I was there in the morning an hour before his arrival could reasonably be expected, and I was there all day, and there still an hour after his last round had been made. Every time he came in sight my heart beat furiously; and as the short official note on the knocker came nearer and nearer, I strove in vain to resist the temptation to run down-stairs and await him at the front door. Every man on that beat got to know me, and I grew to be utterly ashamed of myself at last, for day after day went by, and there came no answer to my advertisement and no note from anywhere of Violet's existence. At last the week for which I had prepaid the advertisement expired. I had determined to renew my warning and entreaty if no answer came, and I waited the last part of that day with a throbbing heart. The minutes of the dull, rainy night—it was mid-April by this time—crawled slowly on, and at last I heard the belated knocker at the far end of the street, and hurried on my overcoat and hat in case I should be disappointed once again. Then I slipped down to the door, and waited in the portico. The postman knocked next door, and I was ashamed to show myself; but only a second or two later he appeared with a single letter in his hand.

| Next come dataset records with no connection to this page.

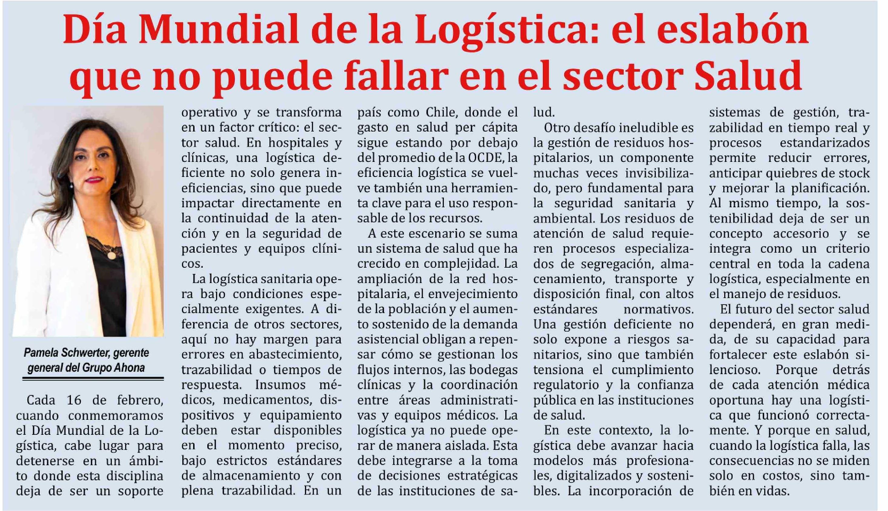 Columnas de Opinión: Día Mundial de la Logística: el eslabón que no puede fallar en el sector Salud 17-02-2026 Las Noticias |
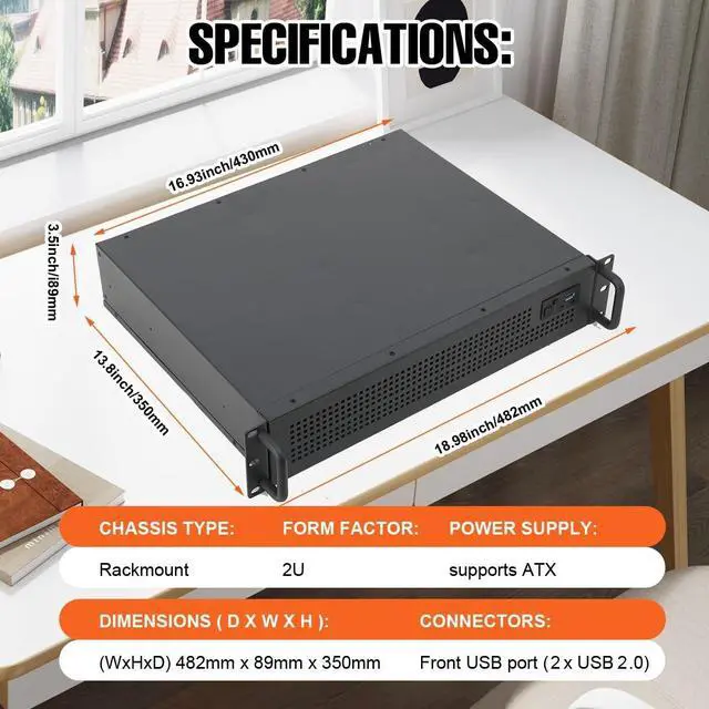 ^^ Broad Hardware Compatibility - This 2U rackmount case accommodates Mini ITX and Micro ATX motherboards (up to 9.6" 9.6" ) and standard ATX power supplies (max 5.5" depth with 80mm rear exhaust), providing exceptional build flexibility. ^^ Professional Front Panel Features - With USB 3.0 connectivity, power and reset controls, and status indicators, this server rack pc case offers convenient access and monitoring capabilities for professional applications.
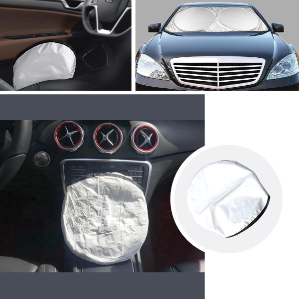 CAR SUNSHADE Material : Nylon, Silver with black boarder Flat Size : 150 x 70cm | Circle Diameter : 61cm / 24″ Printing Option: Screen Printing
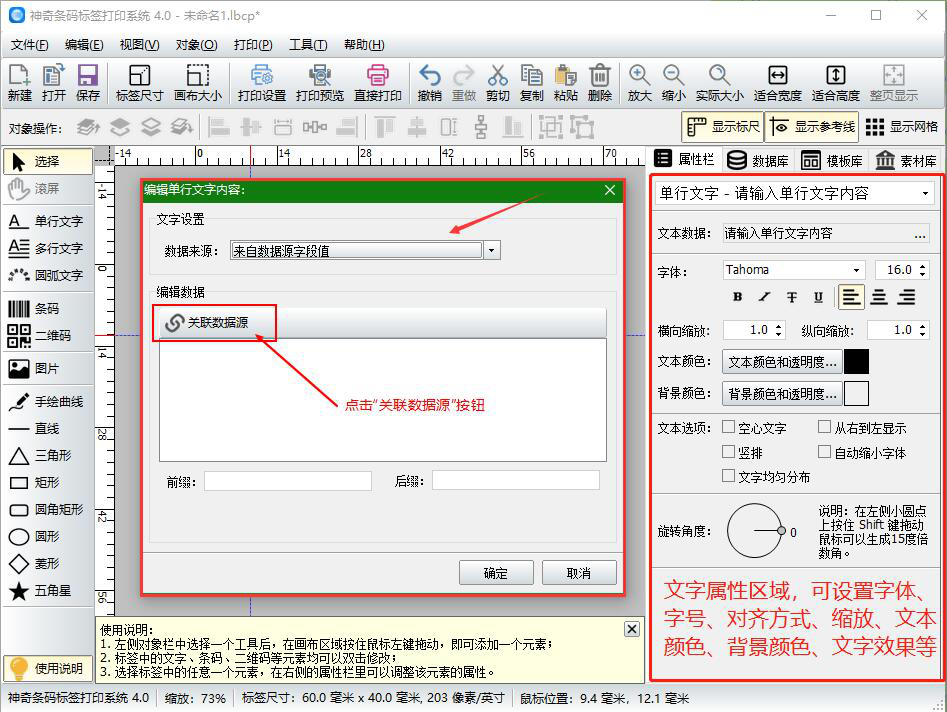 3. 此外,如果用户选择的数据来源是“来自数据源字段值”,就点击“关联数据源”按钮,将需要进行文字编辑的文件导入神奇条码标签打印软件。

“Captain Fyffe?” he asked, inquiringly, and I responding “Captain Fyffe,” he handed me the letter.

The superscription was in Violet's hand. I tore it open and read, in embossed letters at the top of the first page, “Scarfell House, Richmond.” Then came this:

“My Dearest,—Is the strange advertisement addressed to
Violet and signed 'John of Itzia' yours? I almost think it
must be, and yet I am half afraid and half ashamed to say
so. But since I left town, nine days ago, I have written
to you every day, and have not received a line in answer. If
you will look in either the Times or the Advertiser, if the
advertisement should not have been put there by yourself,
you will see what I mean. I shall obey its instructions, and
shall post this letter with my own hands. So far I have
given my letters to my maid, and I cannot think of any
reason which could induce her to be wicked enough to destroy
or suppress them. This, at least, will be sure to reach you,
and if my fancy is absurd, I know you well enough to trust
to your forgiveness. If you are not 'John of Itzia,' I can
only fear that something dreadful has happened, for I do not
believe that you could be so unkind as to leave eight
consecutive letters of mine unanswered by a single word. I
have only just seen the advertisement by chance, and if you
are at home when this arrives it ought to reach you at about
nine o'clock. It is very little over an hour's drive to
Richmond, and I beg you to come down at once. If the whole
thing is a mistake, you have still something to explain, and
must have, I am sure a great deal to tell me.
“Yours always,
“Violet.”

I had no sooner read this than, with the letter crumpled in my hand, I dashed into the street and made at full-speed for the nearest cab-stand. Half a dozen whips were waved at me at once, but I walked up and down the line inspecting the horses before I would choose a vehicle. A sorrier lot of screws I never saw, but I chose the one that looked the least unpromising, and gave the driver the word for Richmond.